Reliability Engineering

We built a URL shortener that doesn’t just pass tests — it survives production conditions. The service runs as 2 replicated containers behind Nginx, enforces 70%+ test coverage on every PR, self-heals from container crashes and Redis failures without human intervention, and has a full observability stack (Prometheus, Grafana, Loki, Alertmanager) that fires alerts within 90 seconds of a failure. 177 tests across unit, integration, performance, and coverage-gap categories run in CI before any merge is allowed.


🥉 Bronze — The Shield

Health Endpoint

GET /health returns 200 {"status": "ok"} at all times as a liveness probe.

GET /health/ready executes a live SELECT 1 against PostgreSQL. Returns 200 {"status": "ok"} when the DB is reachable, 503 {"status": "unavailable"} when it is not — tested explicitly in tests/test_coverage_gaps.py::TestHealthReadyFailure.

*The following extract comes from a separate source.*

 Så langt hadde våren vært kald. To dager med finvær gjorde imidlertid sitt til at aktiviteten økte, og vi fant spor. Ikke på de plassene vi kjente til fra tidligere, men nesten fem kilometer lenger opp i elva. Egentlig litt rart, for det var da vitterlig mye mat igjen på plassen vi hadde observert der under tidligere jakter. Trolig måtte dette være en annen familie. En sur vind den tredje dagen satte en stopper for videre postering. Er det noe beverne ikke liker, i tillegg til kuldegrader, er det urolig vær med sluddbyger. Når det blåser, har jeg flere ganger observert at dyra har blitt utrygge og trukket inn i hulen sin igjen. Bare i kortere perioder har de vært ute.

curl http://localhost/health
# → {"status": "ok"}

curl http://localhost/health/ready
# → {"status": "ok"}

Unit Tests

Tests live in tests/ and are run with pytest. Unit tests cover pure functions with no I/O:

File What it tests
test_health.py /health and /health/ready responses
test_unit.py generate_short_code() — length, charset, uniqueness; all 4 validators — missing fields, wrong types, invalid email
test_unit_modules.py API key auth (missing/wrong/correct key, exempt paths); middleware X-Request-ID propagation
test_coverage_gaps.py 503 on DB failure, 405 method-not-allowed, 500 internal error — all return clean JSON

CI Runs Tests on Every PR

The unit-tests.yml GitHub Actions workflow runs on every PR to dev or main. It spins up real Postgres and Redis service containers, runs the full test suite, and posts results directly on the PR.

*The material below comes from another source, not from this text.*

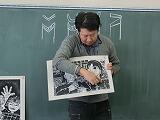 人物の輪郭や洋服など、彫り方が分からなくなって質問すると、外部指導者の方がやさしく教えてくださっていました。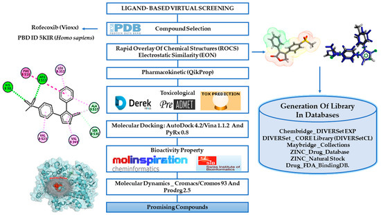In this work, we used a virtual screening ligand-based methodology to identify new potential COX-2 inhibitors based on the rofecoxib structure [12,13,14]. The virtual screening strategy was chosen once it has been widely applied in the early phase of drug discovery, being able to accelerate hit discovery and reducing drug development costs. Thus, the similarity and electrostatic potential of the selected structures were performed using computer programs and commercial databases of compounds [15] and then we performed the filtering of the results considering the pharmacokinetic and toxicological properties [16,17,18,19,20]. Furthermore, the docking simulation evaluated the binding affinity of compounds to COX-2 in comparison with rofecoxib [20,21]. Biological target prediction was used as a screening step through the web server Swiss [22] and the bioactivity was determined on the Molinspiration web server [23]. Finally, we used molecular dynamics to investigate interaction over time in COX-2 of the promising compounds. General scheme of the methodological steps in this article is presented in Figure 2 (see more details in the Materials and Methods section).

PR #12 — bot posts coverage report (91%) and test summary (174 passed, 0 failed):

PR #12 — github-actions bot: coverage report 91% and test results overview

PR #12 — Unit Test Results: 177/177 passed, 91% coverage, 18.09s

PR #12 on GitHub · Unit Tests workflow


🥈 Silver — The Fortress

Coverage ≥ 50% (Actual: 91%)

The CI pipeline enforces a hard minimum with --cov-fail-under=70. The actual coverage on the latest branch is 91%, well above both the Silver (50%) and Gold (70%) thresholds.

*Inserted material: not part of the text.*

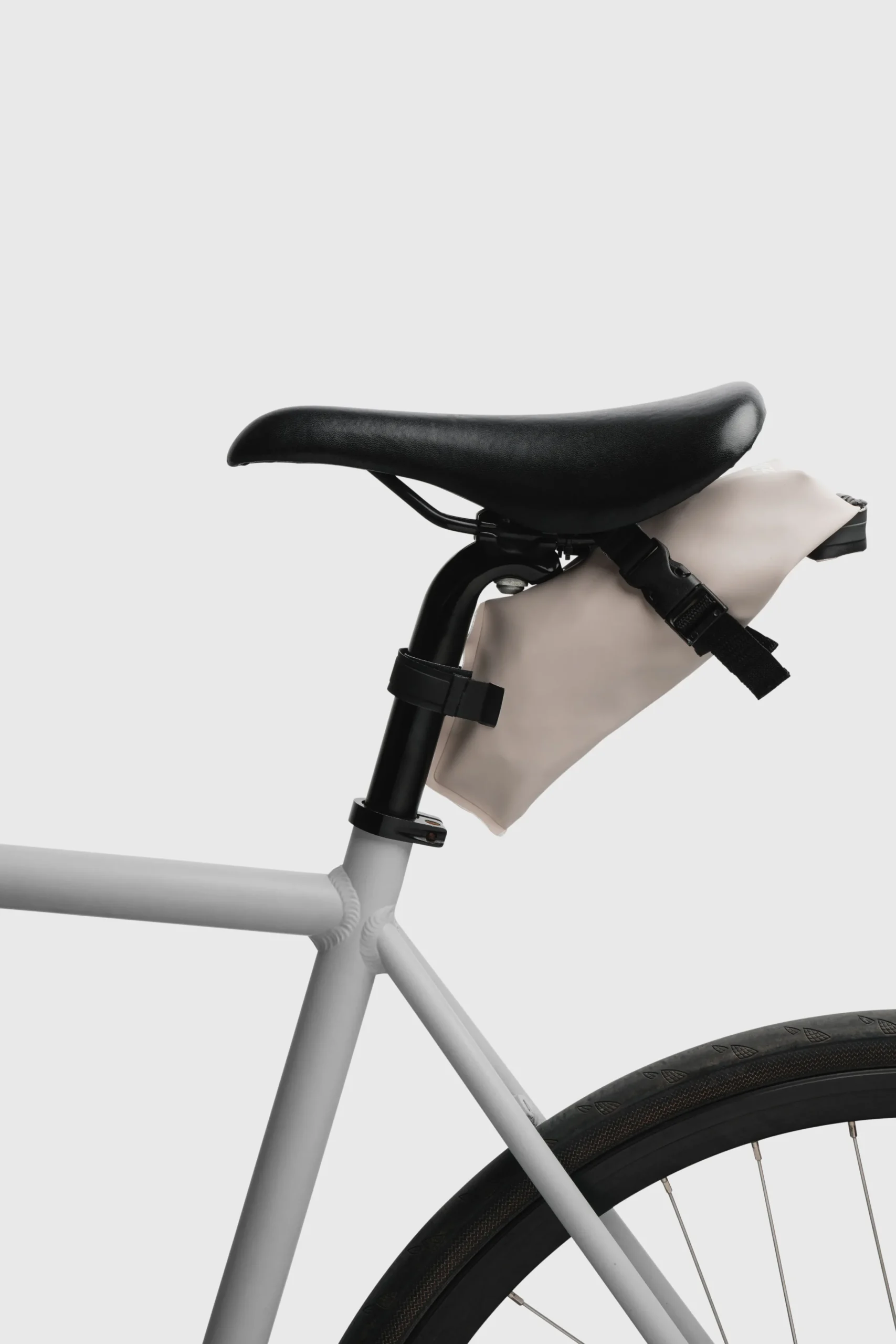 A compact, 100% rainproof bicycle bag that sits under your seat to keep your everyday essentials safe and dry. Crafted from rest fabric from our raincoat production, it is lightweight and easy to attach, fitting almost any bike, with a roll closure top for easy access. Sealed together with double welded seams, just like our Stutterheim raincoats, this bag can handle all weather conditions.

uv run pytest --cov=app --cov-report=term-missing --cov-fail-under=70

If coverage drops below 70%, pytest exits with code 1 and the PR cannot be merged.

Integration Tests

Integration tests hit real API endpoints against a live PostgreSQL database. Every test runs against a freshly truncated database via conftest.py:

File What it tests
test_urls.py POST /urls → DB write → GET /urls/{id}PUTDELETE; short code uniqueness; event auto-created on URL creation
test_users.py Full user CRUD; pagination; bulk CSV import via POST /users/bulk
test_events.py Event created on URL creation; response field shapes match OpenAPI spec
test_integration_routes.py Redirect flow (302/410/404); delete cascades; cursor pagination; v1 prefix routes; full event CRUD

The Gatekeeper — CI Blocks Failed Merges

All 3 checks must be green before a PR can merge:

  1. Unit Tests--cov-fail-under=70 blocks on coverage regression or any test failure
  2. Load Tests — full stack must be healthy and pass 37 infrastructure checks
  3. CI/CD — ruff lint must pass

A real failed run on PR #11 — a flaky cascade-delete test caused the unit test job to fail on a mid-development push, blocking the merge until fixed:

PR #11 — Unit Tests: Status Failure — test job failed in 51s on pull_request

The run shows Status: Failure with annotation pytest ► tests.test_integration_routes.TestDeleteUser ► test_users_urls_deleted_on_cascade. The developer added a timing fix in commit 02fc8f1 and the subsequent run passed, unblocking the merge.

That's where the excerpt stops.